Furthermore, there's an enormous information asymmetry in healthcare, so it's hard for it to function as a market.
Because we already have "free" healthcare in the form of emergency rooms, this is ultimately a conversation about how to best allocate health spending. Emergency care is the absolute most expensive form of non end of life care, so we should focus on minimizing that send. There's a well known path for doing so, regular check ups, vaccinations, preventative care, and chronic disease management. All of which cost money now, but reduce future expenditure. And if we already pay for sick broke people in the emergency room, why not optimize the expenditure of those tax dollars by shifting it to more effective health interventions?
You yourself admit that end of life care is incredibly expensive. Why are we pushing people to live longer, when it incurs a much much greater cost to keep people alive? Why not just let them die young?

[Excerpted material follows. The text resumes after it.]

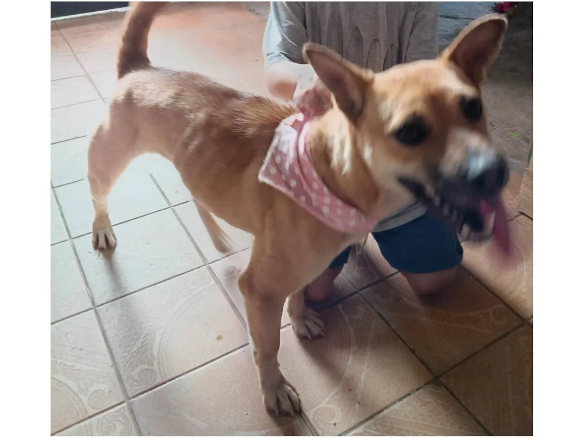 Adote a Lua, cadela caramelo de 1 ano, resgatada e pronta para amor. Dócil, brincalhona e sociável, precisa de um lar fixo e acolhedor. Ajude-a!

In part, this is a huge reason (the other reason is pregnancy cost) why pre-ACA healthcare prices were much much cheaper for <30 men than women - most things that seriously hurt men under 30 just completely off them, and dead boys don't incur major medical cost.
But if I get pregnant or cancer, I have no choice - I have to get treatment or die.
I've been through chemo and radiation once, if I ever am told I need to do it again, to scrape and cling to another few months of life, I'm going to laugh in their faces, put my affairs in order, go on a hell of a vacation, and Old Yeller myself.
If it happens, it'll be interesting to see how my resolve holds up as I stare into the face of mortality.
Healthcare is different because consumers often don't know what anything ought to cost, rarely in a position to shop around, and will never be able to afford some big ticket items without insurance regardless.
And the economic consequences are non-obvious. For example, many conditions are much cheaper to treat if caught early; if access to a doctor has an inconvenient cost attached, overall costs go up. The ability to see a doctor for cheap – ideally free – is the most effective way to lower the risk of expensive procedures in the future.